Zoom is serious about cybersecurity, and Warmly was up for the challenge of meeting Zoom’s security needs by investing early.

Warmly hit the ground running in 2020 and felt instant momentum, thanks to a shared passion across their founding team, the market fit of their idea and a supportive community of users and VCs who loved what they were executing. While these variables were critical in founding Warmly, they quickly realized that to succeed we would need to excel at something they had not expected: cybersecurity.

A milestone to the growth of Warmly was their ability to earn the trust of Zoom, a publicly traded company with an established cybersecurity program. Zoom was more than a brand partner, they were the core technological component to Warmly’s technology.

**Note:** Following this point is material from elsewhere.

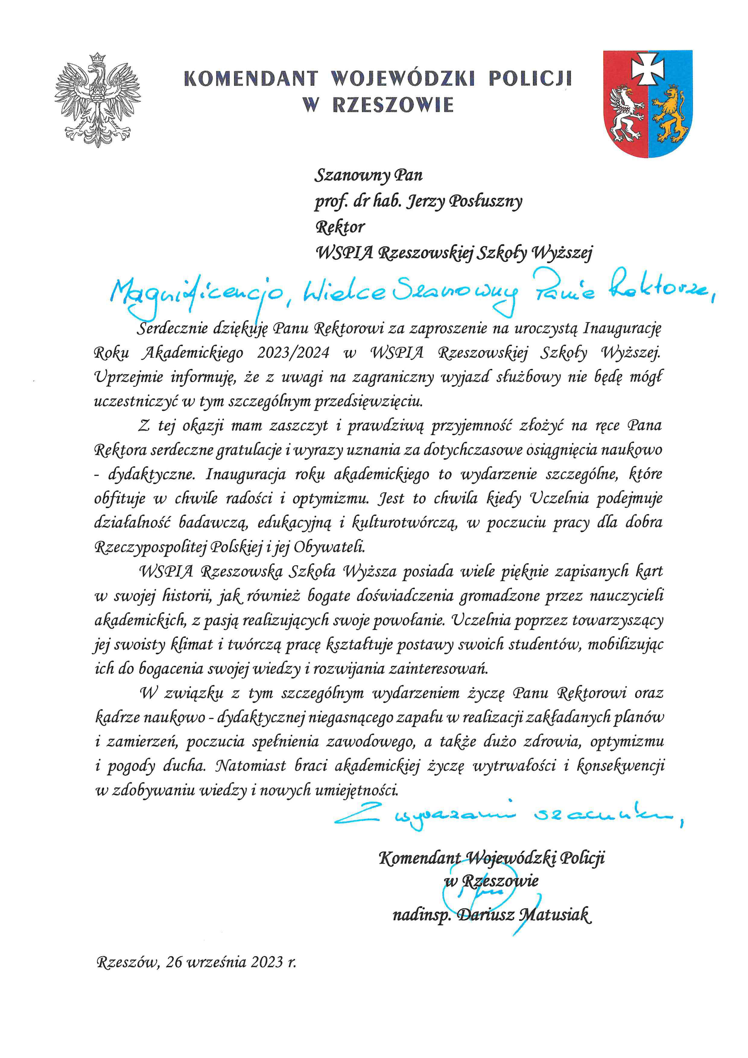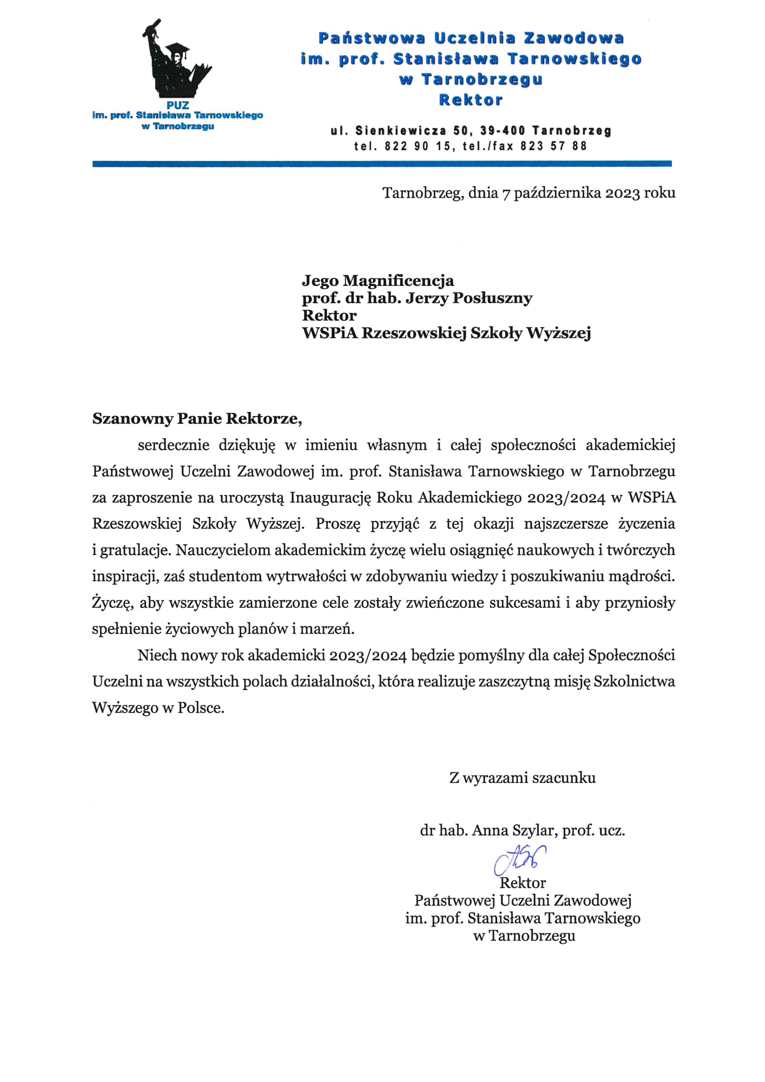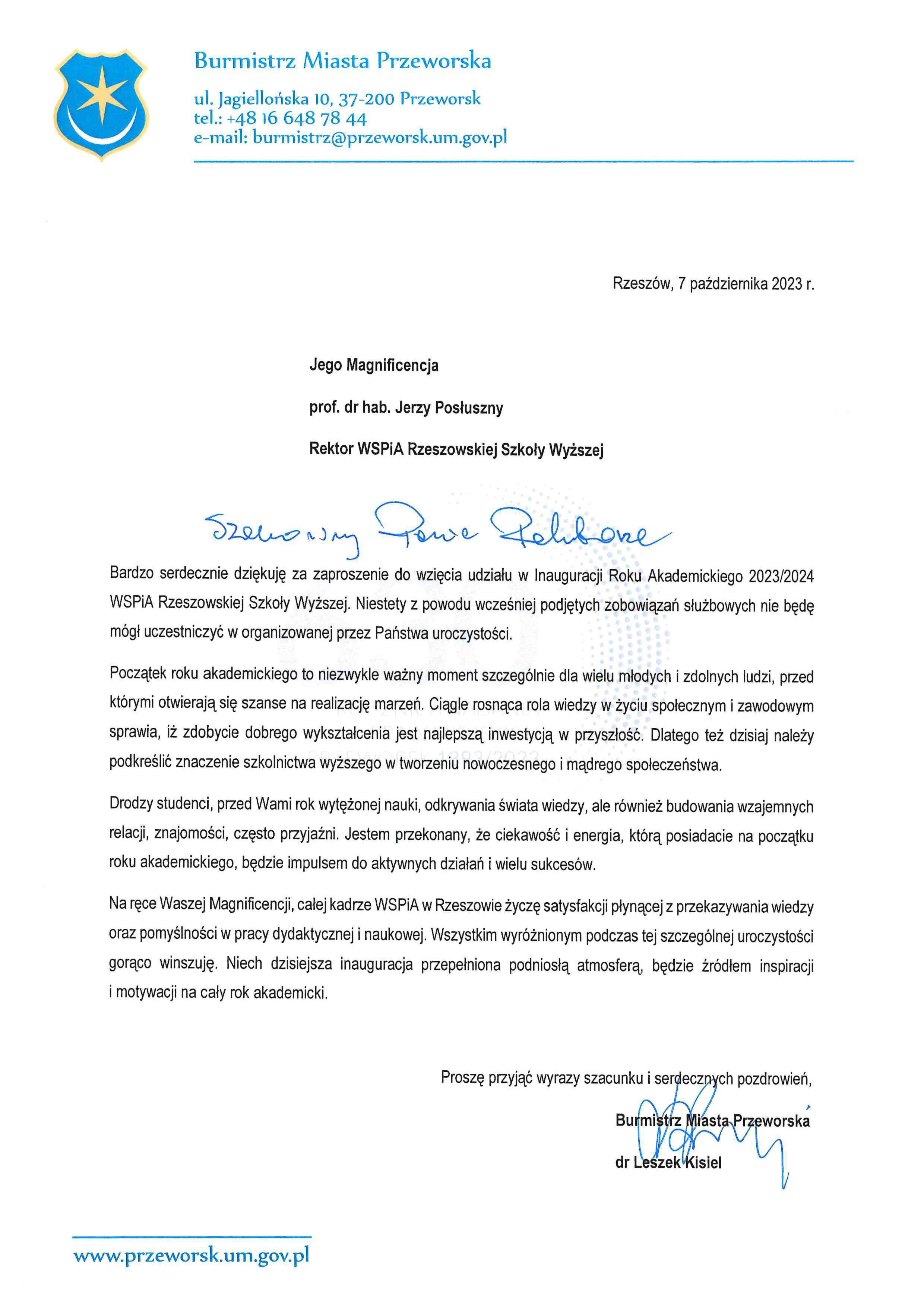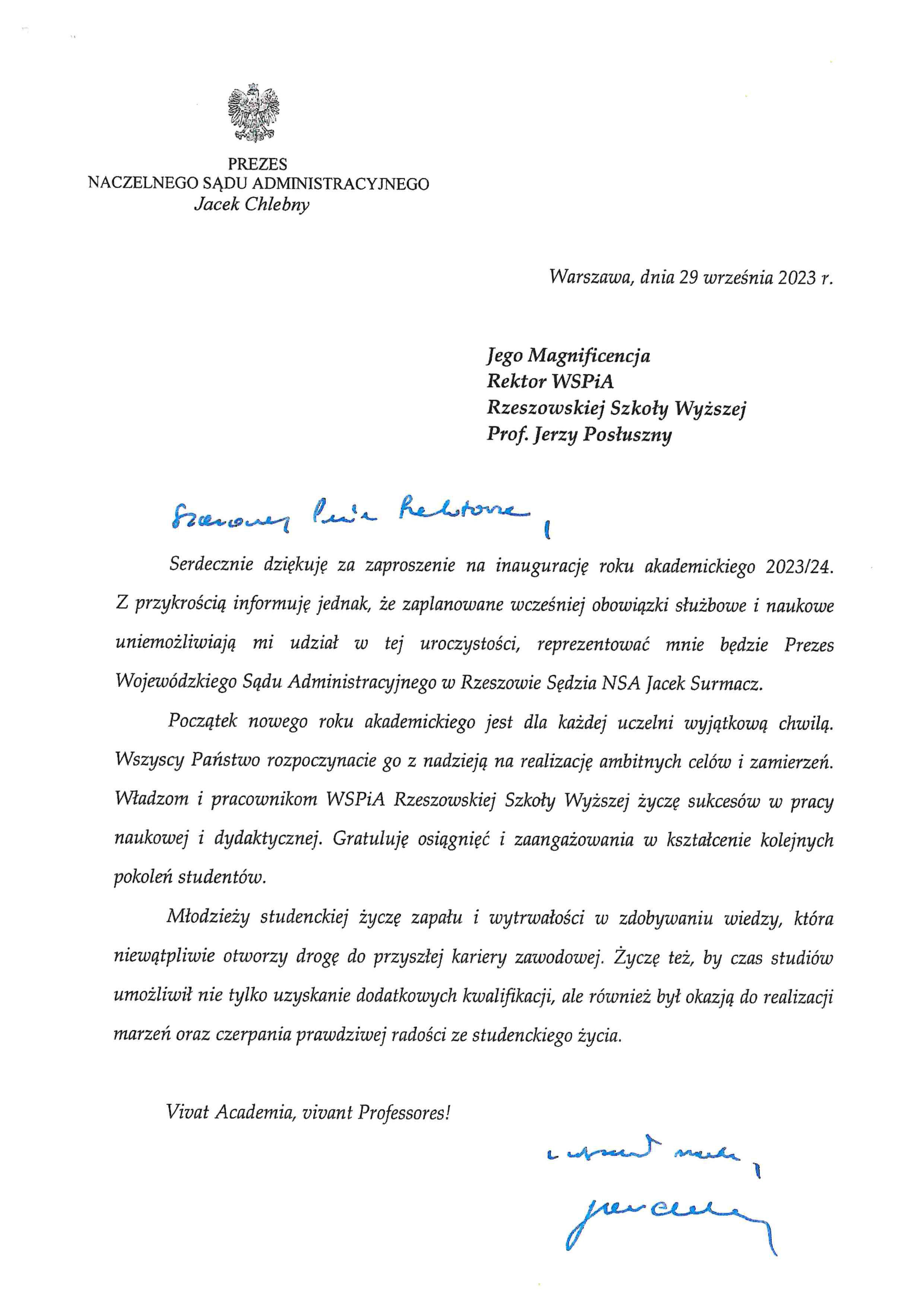 W sobotę 7 października 2023 r. WSPiA Rzeszowska Szkoła Wyższa zainaugurowała 29. Rok Akademicki. W uroczystości osobiście uczestniczy wielu znamienitych gości. Na ręce Rektora WSPiA przekazanych zostało także wiele życzeń i listów gratulacyjnych z wyrazami uznania dla działalności Uczelni.

To work together, Warmly would need to meet Zoom eye-to-eye on cybersecurity, on a budget, and quickly.






Navigating Vendor Risk



Zoom assessed Warmly on three aspects: governance, cybersecurity management and technical implementation of cybersecurity. To investigate the governance capabilities of Warmly, the Zoom assessment team collected evidence of business structure, operational policies, cybersecurity policies, risk transference tools such as insurance and documentation of organizational structure. It was important to Zoom to understand from Warmly the way their technology connected to users and the type of information that was collected.

Warmly, while early-stage, brought on a CISO via VioletX and accomplished both GDPR and CCPA to meet Zoom’s expectations of enterprise-level data privacy practices. The technical assessment of Warmly included an evaluation of their attack surface, which included a vulnerability assessment and a penetration test of the Warmly application and web presence.Zoom and Warmly collaborated on observations that required remediation to align Warmly with the expected security posture of Zoom’s partners. I. n addition, Warmly provided a detailed architecture of their environment so that Zoom Cloud could clearly visualize the placement of security controls, in addition to the flow of information in and out of the Warmly environment.

Zoom is responsible for the secure communication of billions of meetings across the most prominent companies in the business ecosystem, as the primary platform that hosts the remote-workforce revolution. For this reason, their security process goes beyond that of asking for a SOC2. While many companies today rely simply on documents like a SOC2 report, Warmly was vetted with live data requests and a deep look into their technology.The level of assurances required to allow a product such as Warmly into the Zoom app ecosystem is an essential part for Zoom to maintain the confidentiality and integrity of its application when integrating with platforms like Warmly.


Warmly and Zoom equally benefitted from this partnership, strengthening a secure ecosystem between Innovators and Enterprises.

Warmly's product was successful and embraced by Zoom users, leading Zoom to include Warmly in a bundle of "essential apps". This allowed Zoom to increase the features and engagement of their product. This allowed Warmly incredible reach and brand recognition. Together, they improved the customer experience, while maintain safety and compliance expected by Zoom customers.